This is the Obstacle Avoiding / Maze Solver Bot Code & Circuit Diagrams
Main Components Required
1 . Arduino UNO / UNO R3 - 01
2 . L298 Motor Driver - 01
3 . N20 300rpm Motor - 04
4 . Caster wheel - 04
5 . Ultrasonic Senser - 03
6 . Some Jumper Wires
7 . 12V Battery
**---------------code starts here---------------**
// Pin definitions for motors and ultrasonic sensors
const int leftMotorPin = 2;
const int rightMotorPin = 4;
const int frontUltrasonicTrigPin = 11;
const int frontUltrasonicEchoPin = 12;
const int leftUltrasonicTrigPin = 9;
const int leftUltrasonicEchoPin = 10;
const int rightUltrasonicTrigPin = 7;
const int rightUltrasonicEchoPin = 8;
const int motorPinA = 3;
const int motorPinB = 5;
// Maximum distance to consider an obstacle (in centimeters)

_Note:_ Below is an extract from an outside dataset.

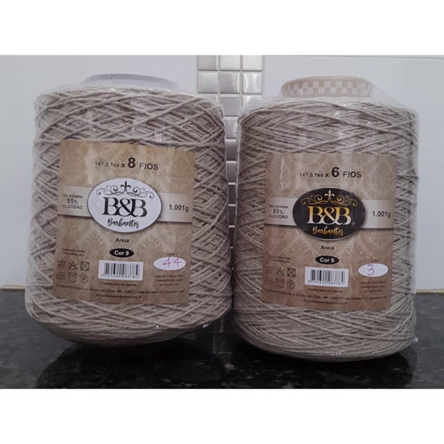 OBS; A FOTO É APENAS PARA MOSTRAR A VARIAÇÃO DO FIO 6 E DO FIO 8. O VALOR É REFERENTE A UM ÚNICO CONE DE 1 KG. Barbante com no mínimo 85%Algodão tex por fio 147,5 Por ser um produto de fabricação artesanal pode apresentar variação na cor dependendo do lote. 6 Fios Tex Total 885 8 Fios Tex Total 1180 Peso 1kg
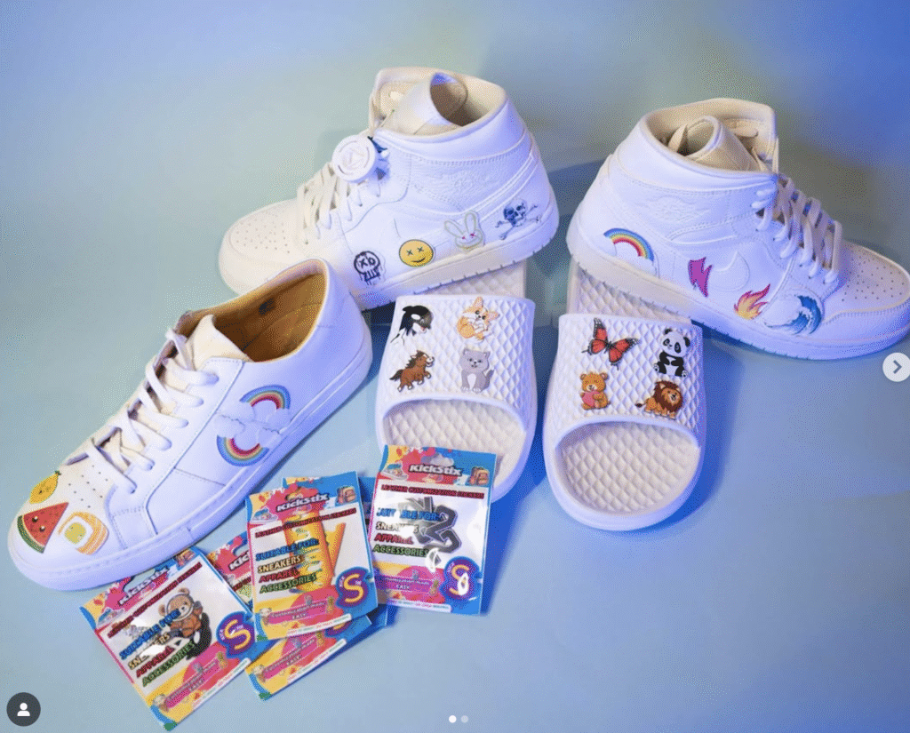 Some parents go all in with hand-painted characters or cartoon themes, but for those who want a more playful start, Kickstix has something perfect: ready-to-peel sneaker stickers that let kids decorate safely and freely. Lightning bolts, stars, initials: a Pop of personality without the mess of paint.

const int obstacleDistance = 15;
void setup() {
// Initialize motor pins as outputs
pinMode(leftMotorPin, OUTPUT);
pinMode(rightMotorPin, OUTPUT);
pinMode(motorPinA, OUTPUT);
pinMode(motorPinB, OUTPUT);
// Initialize ultrasonic sensor trigger pins as outputs and echo pins as inputs
pinMode(frontUltrasonicTrigPin, OUTPUT);
pinMode(frontUltrasonicEchoPin, INPUT);
pinMode(leftUltrasonicTrigPin, OUTPUT);
pinMode(leftUltrasonicEchoPin, INPUT);
pinMode(rightUltrasonicTrigPin, OUTPUT);
pinMode(rightUltrasonicEchoPin, INPUT);
// Start with motors off
digitalWrite(leftMotorPin, LOW);
digitalWrite(rightMotorPin, LOW);
digitalWrite(motorPinA, LOW);
digitalWrite(motorPinB, LOW);
// Initialize Serial communication for debugging
Serial.begin(9600);
}
void loop() {
// Measure distances from ultrasonic sensors
int frontDistance = measureDistance(frontUltrasonicTrigPin, frontUltrasonicEchoPin);
int leftDistance = measureDistance(leftUltrasonicTrigPin, leftUltrasonicEchoPin);
int rightDistance = measureDistance(rightUltrasonicTrigPin, rightUltrasonicEchoPin);
// Print distances for debugging
Serial.print("Front: ");
Serial.print(frontDistance);
Serial.print(" cm, Left: ");
Serial.print(leftDistance);
Serial.print(" cm, Right: ");
Serial.println(rightDistance);
// Set default motor speeds
int motorSpeedA = 30; // adjust to 200
int motorSpeedB = 30; // adjust to 200
int motorSpeedLA = 35; // adjust to 205
int motorSpeedRB = 35; // adjust to 205
// Adjust motor speeds based on distances
if (frontDistance <= 25) {
//FOR NORMAL CONDITIONS
if (rightDistance < leftDistance) {
// Obstacle detected on the left, turn right
digitalWrite(leftMotorPin, LOW);
digitalWrite(rightMotorPin, HIGH);
analogWrite(motorPinA, motorSpeedLA);
analogWrite(motorPinB, motorSpeedRB);
} else if (leftDistance < rightDistance) {
// Obstacle detected on the right, turn left
digitalWrite(leftMotorPin, HIGH);
digitalWrite(rightMotorPin, LOW);
analogWrite(motorPinA, motorSpeedLA);
analogWrite(motorPinB, motorSpeedRB);
} else {
// No obstacle detected, move forward
digitalWrite(leftMotorPin, HIGH);
digitalWrite(rightMotorPin, HIGH);
analogWrite(motorPinA, motorSpeedA);
analogWrite(motorPinB, motorSpeedB);
}
} else if (leftDistance <= obstacleDistance && frontDistance >= 40) {
// Obstacle detected in front, avoid it
digitalWrite(leftMotorPin, HIGH);
digitalWrite(rightMotorPin, LOW);
analogWrite(motorPinA, motorSpeedLA);
analogWrite(motorPinB, motorSpeedRB);
} else if (rightDistance <= obstacleDistance && frontDistance >= 40) {
// Obstacle detected on the left, turn right
digitalWrite(leftMotorPin, LOW);
digitalWrite(rightMotorPin, HIGH);
analogWrite(motorPinA, motorSpeedLA);
analogWrite(motorPinB, motorSpeedRB);
} else {
// No obstacle detected, move forward
digitalWrite(leftMotorPin, HIGH);
digitalWrite(rightMotorPin, HIGH);
analogWrite(motorPinA, motorSpeedA);
analogWrite(motorPinB, motorSpeedB);
}
}
// Function to measure distance using ultrasonic sensor
int measureDistance(int trigPin, int echoPin) {
digitalWrite(trigPin, LOW);
delayMicroseconds(2);
digitalWrite(trigPin, HIGH);
delayMicroseconds(10);
digitalWrite(trigPin, LOW);
unsigned long duration = pulseIn(echoPin, HIGH);
int distance = duration * 0.034 / 2; // Calculate distance in centimeters
return distance;
}
**---------------code ends here---------------**